Still Life with Tulips and Fruit probably dates to the late 1920s during a period when Hunter's still life paintings were particularly vibrant. It is possible that this picture was the Still Life -Tulips exhibited posthumously at the Royal Glasgow Institute of Fine Arts in 1932 although another still life of tulips by Hunter is known at the Warwick District Council Art Gallery in Leamington Spa and several others are in private collections. 'Leslie Hunter's later still life and flower paintings exhibit considerable variety in both style and subject. It is clear that he continued to experiment, although bright colour was a constant constituent o his work, often with vibrant colours of fruit echoed in the design on a vase or background curtain.' (Derek Ogston, The Life and Work of George Leslie Hunter 1877-1931, 2002, p. 49)
During the 1920s Hunter was encouraged by his friend and biographer Tom Honeyman to concentrate on painting still-life and this was to give him a new and more focused direction in his work. With a ready market for Hunter’s still life’s of flowers, he painted over a dozen large and ambitious canvases during this period, with much enthusiasm. Hunter loved nothing more than to paint flowers and he relished the prospect of devoting his time to still-life painting. There was a renewed vibrancy and freshness to his pictures, a clarity of colour and a striking contrast in his work, which is exceptional. In the early 1920’s Hunter’s paint application had become rather tentative and lacking commitment, but later in the decade his paint was applied with spirit and force. As Honeyman, noted ‘Technique, as mere technique, did not interest him; it was the vision behind that mattered. With all his vigour and impetuosity, his impulsive artistic urge was instinctively right in choice of colours and tones. It is this unerring sense of colour that made Hunter the artist he became.’ (T. J. Honeyman, Introducing Leslie Hunter, pg. 211).

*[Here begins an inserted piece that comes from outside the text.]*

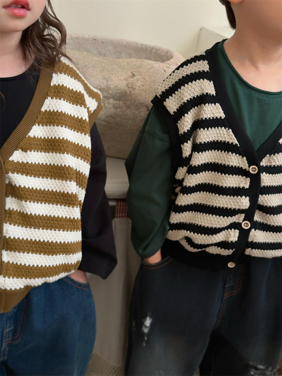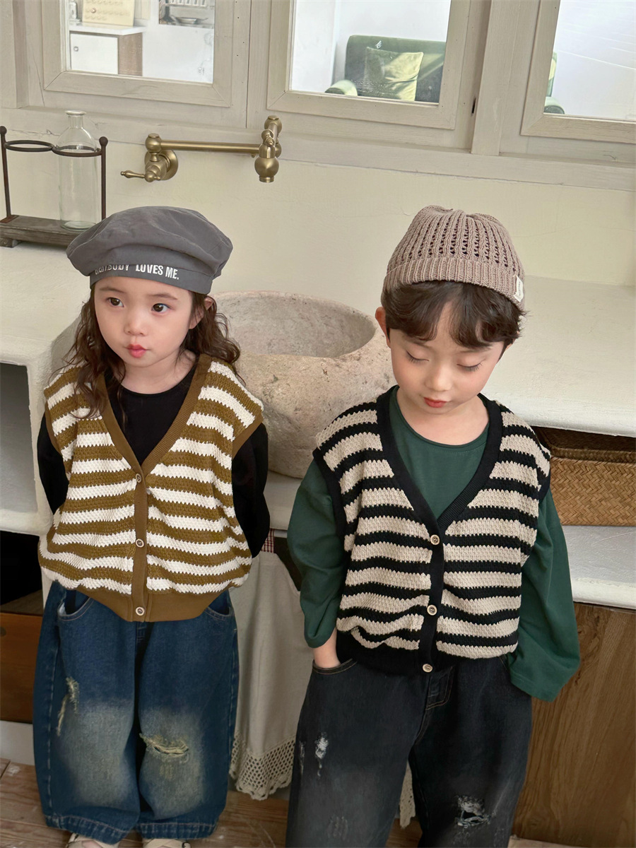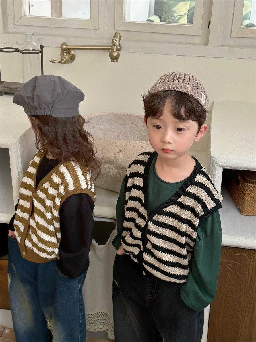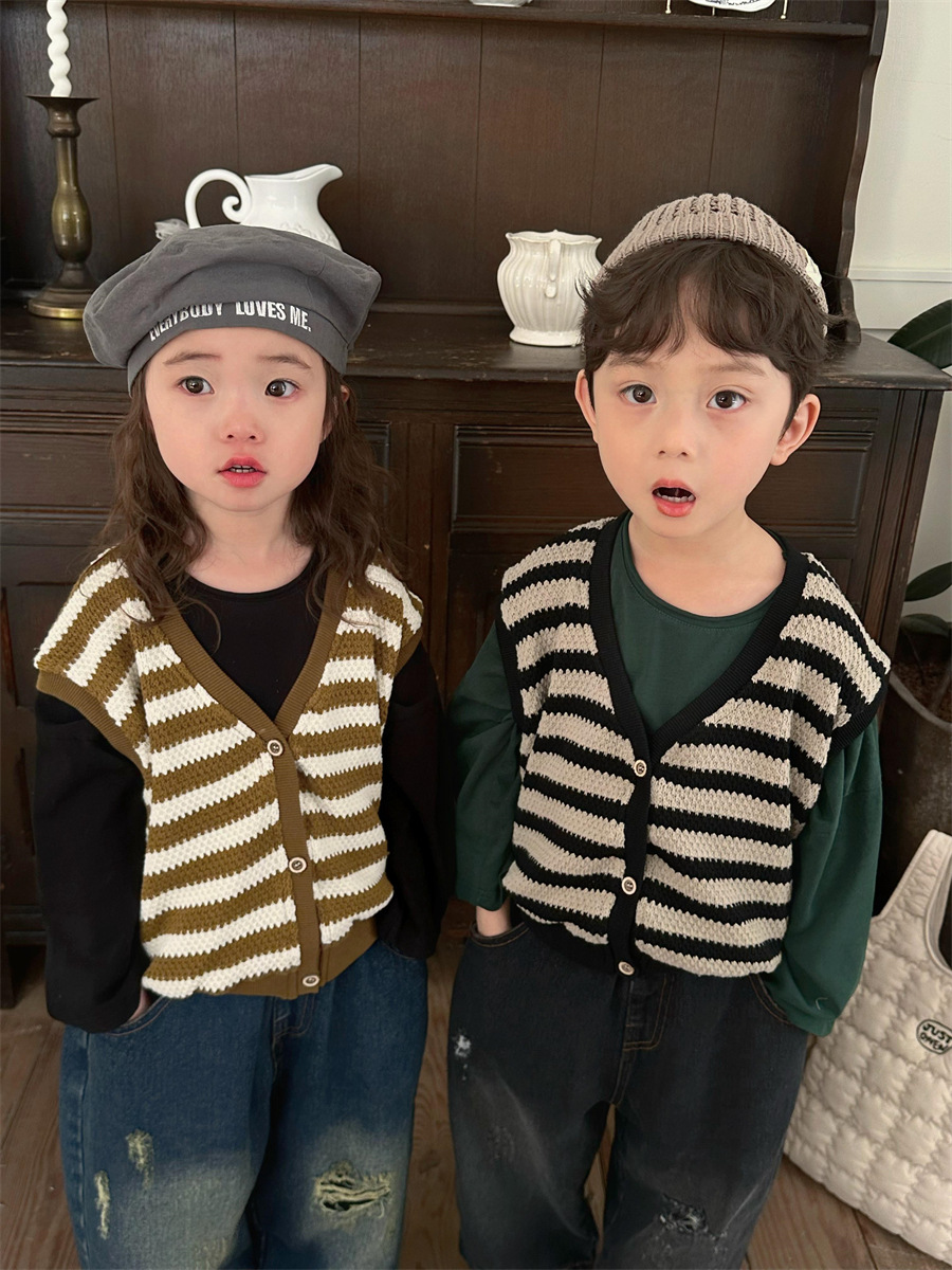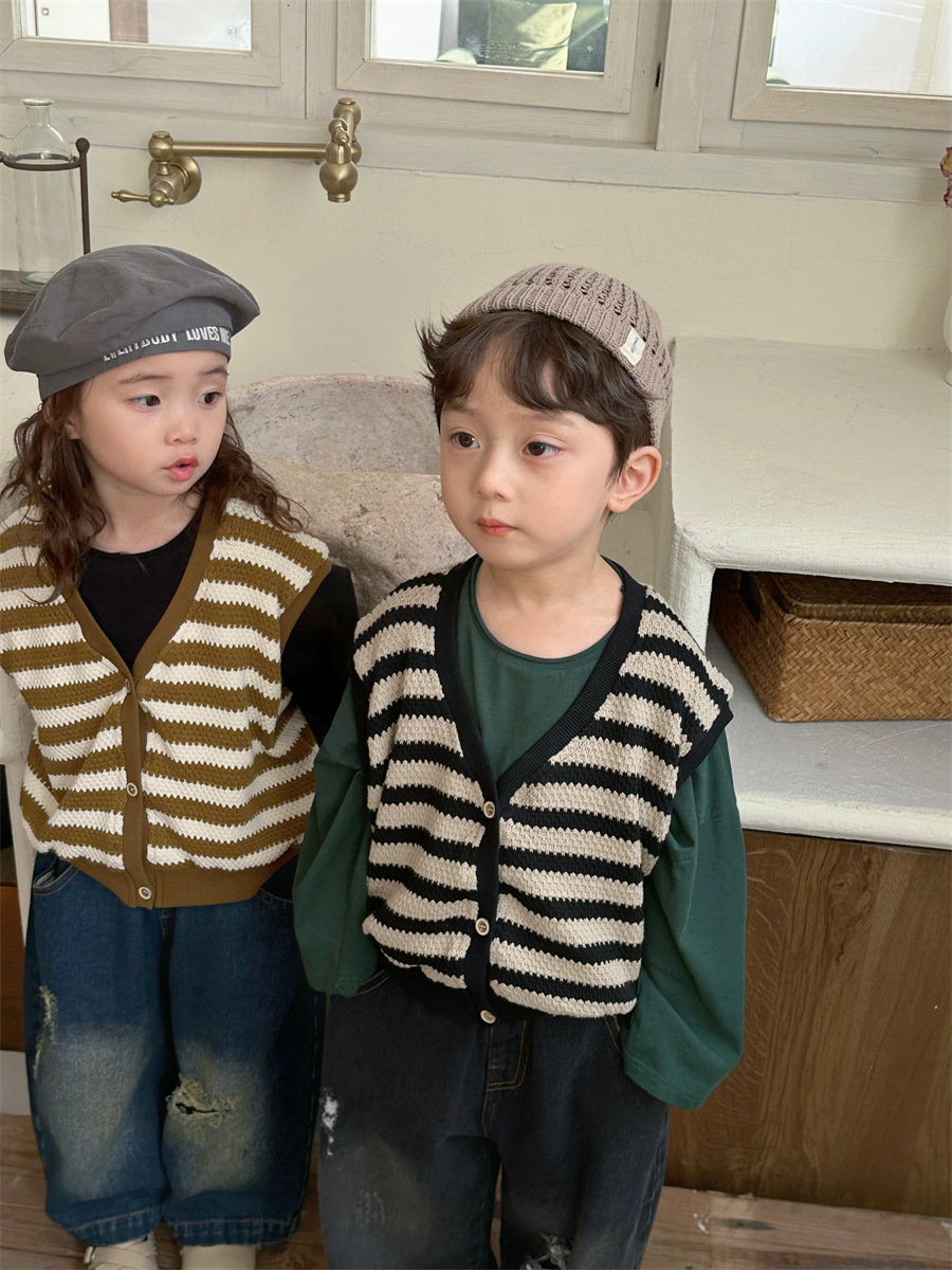 소년 소녀를위한 Jiaye 어린이 2024 새로운 봄 어린이 줄무늬 니트 조끼 아기 모리 간단한 재킷스토어 가기

Still Life with Tulips and Fruit is contemporary with Still Life with Dahlias and Fruit (Sotheby's, Gleneagles, 31 August 2005, lot 1088). The two pictures follow the same compositional arrangements of an earthenware vase of flowers and a shallow dish of fruit on a patterned tablecloth with a brightly coloured drape behind. he white panelling behind the still life in both pictures offers a contrast of angularity to the curved forms of the glass, the vase and the apples.
This picture was withdrawn from the sale of Scottish Pictures, 24 April 2006 due to a dispute over ownership which has now been fully resolved.